Just days after the shuttle Columbia (search) disaster, a NASA (search) employee at headquarters proposed scrubbing the agency's safety office Web site to remove outdated or wrong information that could become "chum in the water to reporters and congressmen."

"We wouldn't want to be sucker punched by someone based on something we have posted," employee Wilson Harkins wrote in an e-mail released this week by NASA.

NASA said Thursday that 18 routine documents were added to the Web site since the accident and none was removed. Spokeswoman Melissa Motichek said Harkins was trying to make sure the site was accurate and up-to-date.

"The e-mail speaks for itself," Motichek said.

A former NASA investigator, Joseph Richard Gutheinz, said that in the aftermath of the shuttle accident it was inappropriate for NASA to suggest removing any documents until they were reviewed by investigators.

"Whenever you have an investigation, everything should freeze," said Gutheinz, who worked in NASA's inspector general office for 10 years. "You don't get rid of anything. You have a duty to your country, to the NASA program and the investigation to allow them to see everything you have before you start tossing this stuff."

Harkins' e-mail and other newly disclosed documents describe how NASA was braced for the investigation into the Columbia tragedy. Harkins urged that the agency should review NASA mishap files to answer inevitable questions from "some enterprising newshound or congressional staffer."

"Has anyone done a complete scrub of the Code Q [safety division] Web pages to make sure they are current?" Harkins wrote in a Feb. 6 e-mail, five days after Columbia's breakup killed its crew. "Out-of-date or erroneous information is like chum in the water to reporters and congressmen."

Harkins was on vacation Thursday and did not return messages left at his home and office. The recipient of the e-mail, manager John Lemke, has retired and did not return a message left at his home in Virginia.

The e-mail emerges as NASA Administrator Sean O'Keefe (search) promises that his agency will radically change its culture in response to a stinging investigative report that partly blames the agency's bureaucracy for the shuttle's demise.

Columbia investigators have publicly praised NASA for its cooperation, and one outside public relations executive said it is common for large organizations in the midst of crisis to make every effort to provide consistent and accurate information.

"That particular communique is fairly raw, there's nothing sugar-coated there," said Steve O'Keeffe, president of the O'Keeffe & Co. public relations firm in McLean, Va. "It's every communications department's objective to manage the perception of the organization as best as possible. Exactly these kinds of documents exist in corporate America everywhere."

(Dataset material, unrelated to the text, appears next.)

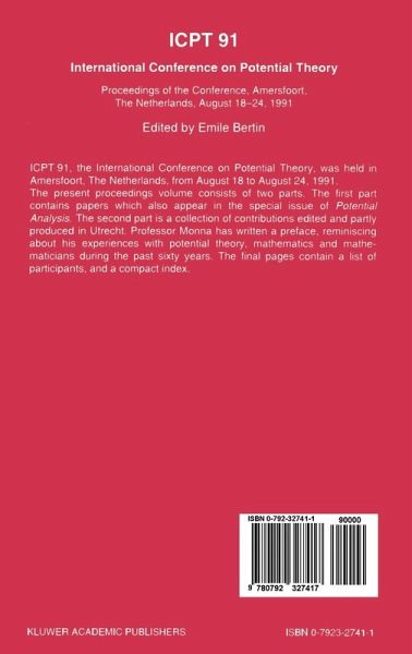 ICPT91, the International Conference on Potential Theory, was held in Amersfoort, the Netherlands, from August 18--24, 1991. The volume consists of two parts, the first of which contains papers which also appear in the special issue of POTENTIAL ANALYSIS . The second part includes a collection of contributions edited and partly produced in Utrecht. Professor Monna wrote a preface reminiscing about his experiences with potential theory, mathematics and mathematicians during the last sixty years. The final pages contain a list of participants and a compact index.

Another expert, a management professor at the Wharton School at the University of Pennsylvania, said it was important for organizations during a crisis to preserve all documents -- even incorrect or outdated ones -- to help determine events that might have led to the crisis. But he said Harkins' e-mail didn't seem inappropriate.

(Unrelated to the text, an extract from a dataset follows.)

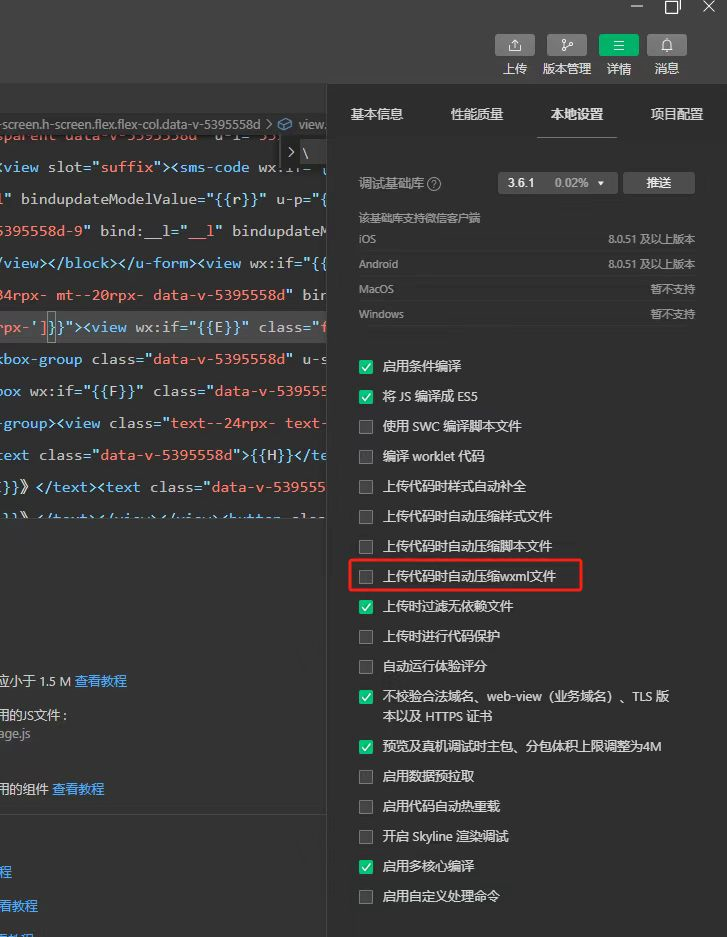 取消勾选“上传代码时自动压缩wxml文件”

"It does not communicate to me there is something inappropriate or illicit being argued here," said Michael Useem, Wharton's director at the Center for Leadership and Change Management.

NASA disclosed Harkins' e-mail under the Freedom of Information Act among 667 pages of documents on the eve of the release of the final report by the Columbia Accident Investigation Board. NASA disclosed other e-mails involving the safety office two weeks earlier.

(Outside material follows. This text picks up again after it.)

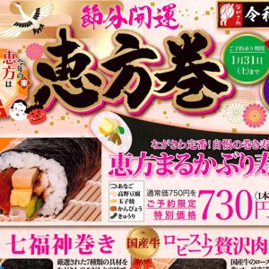 2025年12月30日 / 最終更新日時 : 2025年12月30日 道の駅みき ながさわ道の駅みき店 「令和八年 恵方巻」のご予約承り中です! 2月3日の節分は、恵方をむいて丸かぶり! 令和八年の恵方は南南東です。 1月31日(土)までにご予約のお客様にはご予約限定特別価格にてお買い求めいただけます。ぜひ、ご賞味ください。

Other newly released documents included e-mail from Peter J. Rutledge, the director for NASA's enterprise safety and mission assurance division, instructing all employees to seek approval from managers before sending any new materials to shuttle investigators, "so that we will have a complete record of what goes out."

Motichek said Rutledge's instructions were "an effort to keep track of what the office was producing and to make sure there was no contradictory information." She said Rutledge and another senior safety executive did not deny any request to send materials to shuttle investigators.

O'Keefe said earlier this week there was "nary a hint" that the agency had sought to influence the outcome of the shuttle inquiry.

"What we wanted was an unvarnished, straightforward assessment from them, and we got that," O'Keefe said.

Other documents include suggested responses for managers, including O'Keefe, to questions that NASA anticipated from investigators and congressional oversight committees, as well as copies of forwarded news articles about the accident investigation.

One e-mail, marked "HOT HOT HOT," cautioned NASA employees that O'Keefe "will be playing Double Jeopardy" with lawmakers in an upcoming joint congressional hearing days later.